Madame B. dit ne pas avoir été une enfant stressée. Elle rapporte différents événements de vie
générateurs d’anxiété et dont elle fait toujours des cauchemars : alors qu’elle était enfant, elle a le
souvenir de sa petite sœur recouverte par une vague dans un bateau pneumatique et de l’avoir
21
perdue de vue pendant de longs instants. Elle se rappelle d’avoir été poursuivie par un homme qui
montait les marches 4 à 4 dans les escaliers et a été « sauvée » par un des locataires qui a ouvert sa
porte. Au début de l’âge adulte, elle raconte s’être perdue dans une ville inconnue, sans adresse
alors qu’elle devait y rejoindre ses parents.
De l’âge adulte jusqu’à la retraite, Madame B. ne relate pas de difficultés particulières. En effet,
elle poursuit de longues études, obtient un poste à responsabilité, se marie et a une fille alors
qu’elle a une quarantaine d’années.
Les difficultés apparaissent à l’âge de 70 ans. En effet, il y a 3 ans elle présente une importante
perte de poids avec aboulie alors que décèdent son oncle et son frère. Suite à ses premiers
symptômes, elle consulte un psychiatre et un médecin interniste. Le médecin interniste
diagnostique une maladie de Horton (inflammation de la muqueuse des artères) à ce jour traitée.
Une dépression a été diagnostiquée il y a 2 ans par le psychiatre avec mise en place d’un
traitement antidépresseur par Seropram. Le Lexomil lui a également été prescrit mais Madame B.
ne le prend que lorsqu’elle en ressent le besoin. Elle a essayé l’hypnose mais n’a fait que 3
séances, elle envisage une cure thermale, mais la logistique associée la « pétrifie ». Elle parle de
« chronicité » de ses troubles depuis la dépression.

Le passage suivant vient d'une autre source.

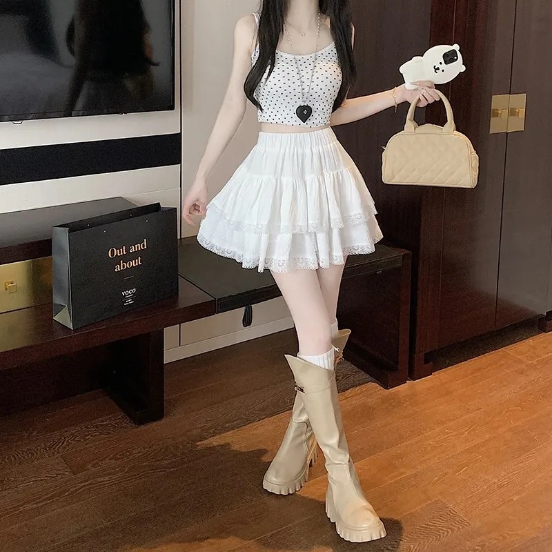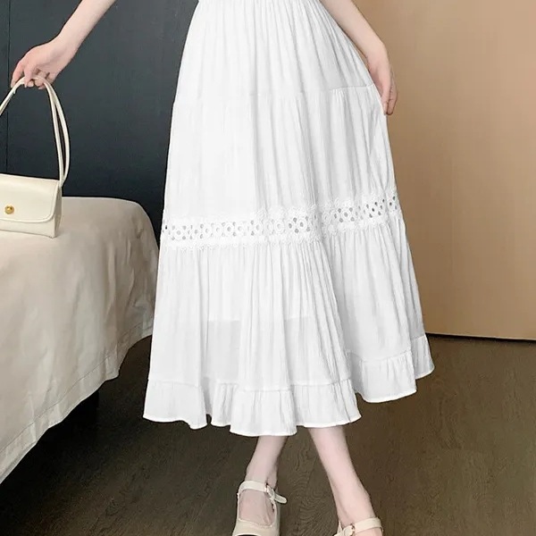 台湾の国境を越えたスポット新しい白いケーキ A ラインスカート女性の夏のハイウエスト怠惰な気質の妖精スカート小柄な人向け

Ces dernières années, elle trouve que tout devient difficile (aller au yoga, faire ses courses), elle
diminue les interactions sociales (évoque ses difficultés auditives) et son mari a repris la gestion
administrative. Madame B. rapporte également une plainte cognitive (difficultés pour lire, pour
suivre une émission ou une conversation) et a peur d’être hospitalisée à cause de ses « troubles
cognitifs » (pour rappel, les différentes évaluations neuropsychologiques n’ont pas mis en
évidence de syndrome dégénératif ni même de trouble cognitif).
Madame B. « négocie » dès le premier entretien téléphonique pour ne venir au maximum qu’une
fois toutes les 2 semaines, l’idée de prendre la voiture lui étant très pénible. Par rapport aux
créneaux horaires qui lui sont proposés, elle choisit le dernier et arrive en général en retard (5
minutes). Madame B. apparaît toujours anxieuse en début d’entretien et tend à s’apaiser au cours
de la séance. Son débit de paroles est rapide. A ce jour, 5 rendez-vous ont été annulés ou reportés
par Madame B. sous divers prétextes (des ouvriers encore présents, la voiture qui ne démarre pas,
un problème de chaudière,…).
C. Diagnostic et lignes de bases
•
Bien que le diagnostic ait été posé par le psychiatre, nous proposons le MINI.
De cet entretien il ressort :
" On ne relève pas d’Episode Dépressif Majeur actuel.
" Episode Dépressif Majeur passé qui correspond au diagnostic fait il y a 2 ans.
22
" Dysthymie actuelle : un ressenti de tristesse « permanente » depuis 3 ans avec par moment
une perte d’espoir quant à une amélioration possible de son état.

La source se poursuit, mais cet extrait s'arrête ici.